→ Task to complete: What should be copied is the stretch of entries below from the line with "Légende : Rassemblement" up to and including the line with "กะรัต แหวนหมั้นและแหวนแต่งงาน ทำจากแพลตตินัม", exactly and without images.

+++ Record excerpts

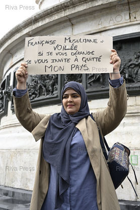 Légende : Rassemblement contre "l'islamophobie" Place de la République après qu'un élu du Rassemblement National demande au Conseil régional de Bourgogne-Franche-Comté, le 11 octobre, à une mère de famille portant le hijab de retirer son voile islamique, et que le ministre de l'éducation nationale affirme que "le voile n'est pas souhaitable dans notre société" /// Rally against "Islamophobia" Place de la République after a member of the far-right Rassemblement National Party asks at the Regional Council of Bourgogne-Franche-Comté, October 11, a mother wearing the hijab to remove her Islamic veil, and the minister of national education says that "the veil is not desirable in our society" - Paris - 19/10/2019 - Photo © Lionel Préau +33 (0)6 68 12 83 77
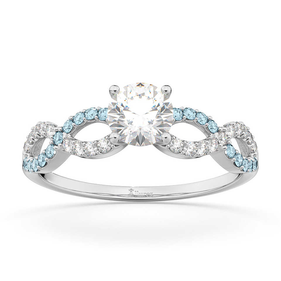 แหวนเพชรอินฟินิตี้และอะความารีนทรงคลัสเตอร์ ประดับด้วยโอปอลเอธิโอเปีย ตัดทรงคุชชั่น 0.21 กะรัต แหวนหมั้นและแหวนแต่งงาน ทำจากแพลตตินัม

++++++
+++ Record excerpts

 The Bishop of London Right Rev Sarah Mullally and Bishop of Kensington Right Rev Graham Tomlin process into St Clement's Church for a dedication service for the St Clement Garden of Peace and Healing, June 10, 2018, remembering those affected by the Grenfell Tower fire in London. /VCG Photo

++++++

→ Response box:
 Légende : Rassemblement contre "l'islamophobie" Place de la République après qu'un élu du Rassemblement National demande au Conseil régional de Bourgogne-Franche-Comté, le 11 octobre, à une mère de famille portant le hijab de retirer son voile islamique, et que le ministre de l'éducation nationale affirme que "le voile n'est pas souhaitable dans notre société" /// Rally against "Islamophobia" Place de la République after a member of the far-right Rassemblement National Party asks at the Regional Council of Bourgogne-Franche-Comté, October 11, a mother wearing the hijab to remove her Islamic veil, and the minister of national education says that "the veil is not desirable in our society" - Paris - 19/10/2019 - Photo © Lionel Préau +33 (0)6 68 12 83 77
 แหวนเพชรอินฟินิตี้และอะความารีนทรงคลัสเตอร์ ประดับด้วยโอปอลเอธิโอเปีย ตัดทรงคุชชั่น 0.21 กะรัต แหวนหมั้นและแหวนแต่งงาน ทำจากแพลตตินัม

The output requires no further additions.